## Work instruction:
A faithful copy of all the data is required; pictures should not be included.

## Provided data:
────

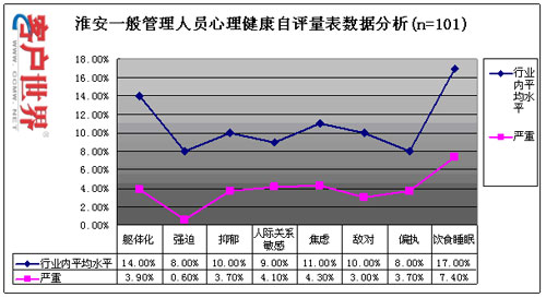 目前,员工压力和心理健康情况已成为困扰整个行业的主要问题之一,我们通过专业方法对淮安中心的员工心理健康和压力状况进行了科学的测量,以了解该中心员工的压力和心理健康状况,具体测量数据如下:
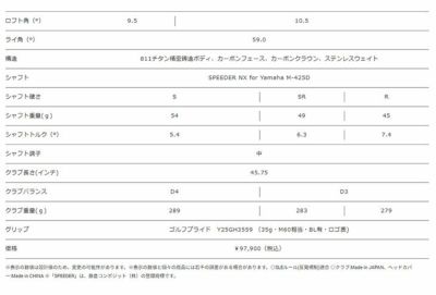 ◎クラブ:Made in JAPAN、ヘッドカバー:Made in CHINA ※「SPEEDER」は、藤倉コンポジット(株)の登録商標です。
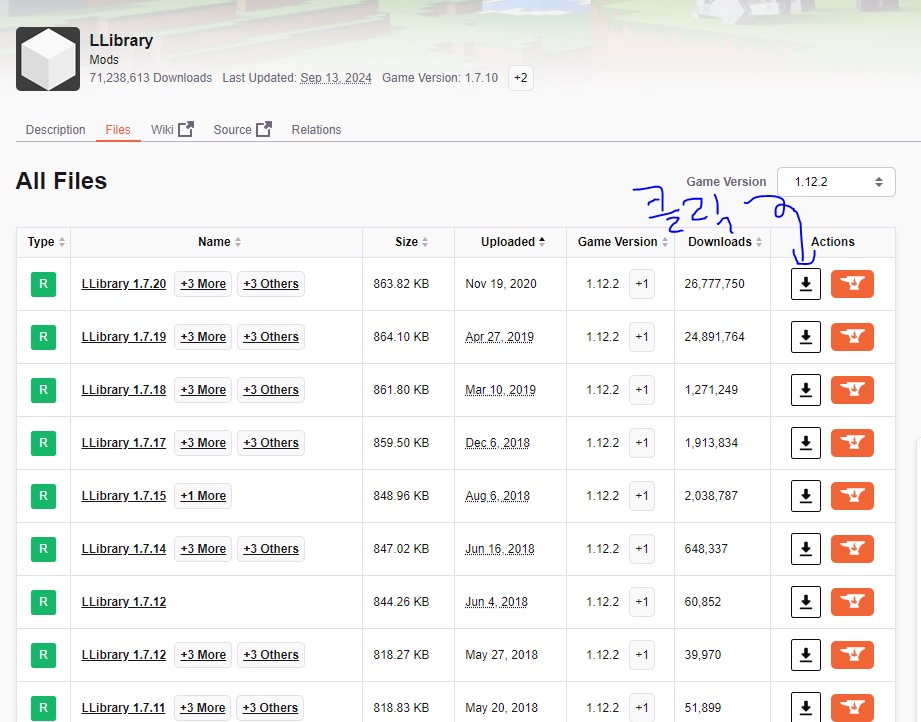 계속하자면 고고학모드 1.12.2버전의 고고학모드8.0.6버전을 다운받으려면 LLibrary모드도 다운받아야합니다. 저희는 1.12.2버전에 맞는 버전으로 다운받으면됩니다. LLibrary - 모드 - Minecraft - CurseForge클릭
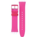 This Swatch watch strap is made of silicone and is attached to the watch by means of steel pins. The band has a width of 19.7 mm and is closed by means of a buckle. The strap has no straight mount which means that this strap is only suitable for the watches listed below.

────

## Answer:
 目前,员工压力和心理健康情况已成为困扰整个行业的主要问题之一,我们通过专业方法对淮安中心的员工心理健康和压力状况进行了科学的测量,以了解该中心员工的压力和心理健康状况,具体测量数据如下:
 ◎クラブ:Made in JAPAN、ヘッドカバー:Made in CHINA ※「SPEEDER」は、藤倉コンポジット(株)の登録商標です。
 계속하자면 고고학모드 1.12.2버전의 고고학모드8.0.6버전을 다운받으려면 LLibrary모드도 다운받아야합니다. 저희는 1.12.2버전에 맞는 버전으로 다운받으면됩니다. LLibrary - 모드 - Minecraft - CurseForge클릭
 This Swatch watch strap is made of silicone and is attached to the watch by means of steel pins. The band has a width of 19.7 mm and is closed by means of a buckle. The strap has no straight mount which means that this strap is only suitable for the watches listed below.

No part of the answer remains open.